Overall, the global distribution of the virtual stains were similar to the real stains. The virtual stains were able to satisfactorily reproduce key morphological features and protein biomarker expressions at tissue and cell levels. Importantly, the identification of key immune phenotypes such as PD-L1 positive, PD-L1 negative, immune inflamed, immune excluded, and immune desert tumors was attainable with the virtual stains [12]. The virtual stains for morphological or cell type biomarkers such as DAPI, PanCK, and CD3 were of higher quality and accuracy than highly dynamic cell state biomarkers such as PD-L1. For CD8, while the overall spatial distribution and relative density of positive cells were moderately accurate at the tissue level, the positive expression at cell level was not as accurate. Upon further inspection, high amounts of background and non-specific fluorescence were observed in many of the CD8 real stains, which adds label noise during the model training procedure, resulting in poorer performance. More details are available in **Supplementary Material 4**.

#### Quantitative Analysis

**Tables 3** and **4** show the Pearson’s correlations between the measurements on real and virtual stains obtained from the cell segmentation-based analysis in Visiopharm software for the single expression and colocalization analysis, respectively. Blank entries indicate measurements that were not relevant for the stain as described in **Materials and Methods**. The average absolute differences and scatterplots of the measurements on real and virtual stains are available in **Supplementary Material 4**.

View this table:
[Table 3:](http://medrxiv.org/content/early/2024/06/13/2024.06.12.24308841/T3)

Table 3: 
Pearson’s correlation (95% CI) between measurements on real and virtual stains obtained from the cell segmentation-based analysis in Visiopharm software for PanCK, DAPI, PD-L1, CD3, and CD8 on testing slides. Analysis was performed according to three different definitions of the region of interest.

View this table:
[Table 4:](http://medrxiv.org/content/early/2024/06/13/2024.06.12.24308841/T4)

Table 4: 
Pearson’s correlation (95% CI) between measurements on real and virtual stains obtained from the colocalization analysis in Visiopharm software for CD3 and CD8, and CD3 and PD-L1, on testing slides. Analysis was performed according to three different definitions of the region of interest.
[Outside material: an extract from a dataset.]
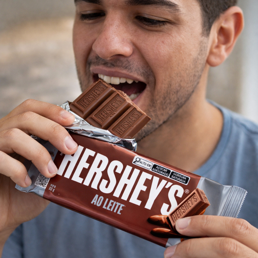 A vida é muito melhor com chocolate! Delicioso chocolate ao leite Hersheys. A Hershey's é uma marca centenária americana, fundada em 1898 por Milton Hershey visando popularizar o chocolate. Conhecida mundialmente por suas barras de chocolate ao leite, a marca oferece uma grande variedade de sabores e formatos. Chocolate ao Leite Peso Líquido 82g. Ingredientes: Açúcar, massa de cacau, manteiga de cacau, leite integral em pó, permeado de soro de leite em pó, gordura vegetal, gordura anidra de leite, soro de leite em pó, emulsificantes lecitina de soja e poliglicerol polirricinoleato e aromatizante. Contém glúten. Contém lactose. Alérgicos: contém derivados de soja, leite e derivados. Pode conter trigo, amendoim, amêndoa, avelãs, castanha-de-caju, castanha-do-pará, nozes e látex natural. Extra Cremoso Ingredientes: Açúcar, manteiga de cacau, leite integral em pó, massa de cacau, permeado de soro de leite em pó, gordura vegetal, leite desnatado em pó, gordura anidra de leite, soro de leite em pó, emulsificantes lecitina de soja e poliglicerol polirricinoleato e aromatizantes. Contém glúten. Contém Lactose. Alérgicos: Contém derivados de soja, leite e derivados. Pode conter trigo, amendoim, amêndoa, avelãs, castanha-de-caju, castanha-do-pará, nozes e látex natural. Chocolate Branco Ingredientes: Açúcar, manteiga de cacau, leite integral em pó, permeado de soro de leite em pó, gordura vegetal, leite desnatado em pó, soro de leite em pó, emulsificantes lecitina de soja e poliglicerol polirricinoleato e aromatizante. Cookies 'n' Creme Ingredientes: Açúcar, manteiga de cacau, biscoito sabor chocolate, leite integral em pó, permeado de soro de leite em pó, gordura vegetal, leite desnatado em pó, soro de leite em pó, emulsificantes lecitina de soja e poliglicerol polirricinoleato e aromatizantes. Amendoim Ingredientes: Açúcar, amendoim, massa de cacau, leite integral em pó, manteiga de cacau, gordura vegetal, permeado de soro de leite em pó, gordura anidra de leite, soro de leite em pó, emulsificantes lecitina de soja e poliglicerol poliricinoleato e aromatizante. CONTÉM GLÚTEN. CONTÉM LACTOSE. ALÉRGICOS: CONTÉM AMENDOIM, DERIVADOS DE SOJA, LEITE E DERIVADOS. PODE CONTER TRIGO, AMÊNDOA, AVELÃS, CASTANHA-DE-CAJU, CASTANHA-DO-PARÁ, NOZES E LÁTEX NATURAL. Ovomaltine Ingredientes: Açúcar, massa de cacau, leite integral em pó, manteiga de cacau, Ovomaltine® (açúcar, extrato de cereal (cevada e malte), glucose, cacau em pó, fosfato tricálcico, sal, canela, emulsificante lecitina de soja, regulador de acidez carbonato de sódio e aromatizante), permeado de soro de leite em pó, gordura vegetal, gordura anidra de leite, soro de leite em pó, emulsificantes: lecitina de soja e poliglicerol polirricinoleato e aromatizante. CONTÉM GLUTÉN. CONTÉM LACTOSE. ALÉRGICOS: CONTÉM DERIVADOS DE SOJA, CEVADA E DERIVADOS E LEITE E DERIVADOS. PODE CONTER TRIGO, CENTEIO, AVEIA, AMENDOIM, AMÊNDOA, AVELÃS, CASTANHA-DE-CAJU, CASTANHA-DO-PARÁ, MACADÂMIAS, NOZES E LÁTEX NATURAL. Somos uma loja especializada em artigos de festa, confeitaria, embalagens e atacados em doces com lojas físicas no estado de São Paulo, desde 2002.

Overall, the correlations ranged from moderate (0.4 - 0.7) to good (0.7 - 1.0) for the different measurements. The performance metrics were consistent with the qualitative observations described above, whereby virtual stains for DAPI, PanCK, and CD3 showed better performance than PD-L1 and CD8. In general, there was a decrease in performance in tumor regions compared to tissue regions, whereby the correlations were lower in tumor regions, indicating that biomarker expressions in tumor regions may be more dysregulated or heterogeneous and difficult to predict. For PD-L1, the correlations between the measurements on real and virtual stains were 0.46 for TPS and 0.71 for CPS, compared to previously reported inter-observer agreements (Cohen’s kappa) of 0.53 - 0.72 for TPS [39–41] and 0.52 - 0.74 for CPS [39] across various studies. The measurements of CPS showed better correlations than TPS, indicating that PD-L1 expression can be predicted more accurately in immune cells than in tumor cells. This was consistent with the good performance of the CD3 and PD-L1 colocalization analysis, which represents PD-L1 expression on T cells. For CD8, the background autofluorescence and non-specific fluorescence contributed to the false positive identification of cells. While CD8 can be expressed on natural killer cells and dendritic cells as well, the primary cell type of interest when staining for CD8 is often cytotoxic T cells. Therefore, the colocalization analysis of CD3 and CD8 enabled the specific analysis of cytotoxic T cells. The high quality of both the real and virtual stains for CD3 also reduced the false positives and improved the performance metrics.

## Discussion

In this study, we present virtual stainer models that can generate virtual stains for H&E and an immuno-oncology mIF panel (DAPI, PanCK, PD-L1, CD3, CD8) from AF images of unstained NSCLC tissue specimens. This work follows our previous work [19,22] and demonstrates the generalizability of our technique by extending its application to a different disease and stain modality.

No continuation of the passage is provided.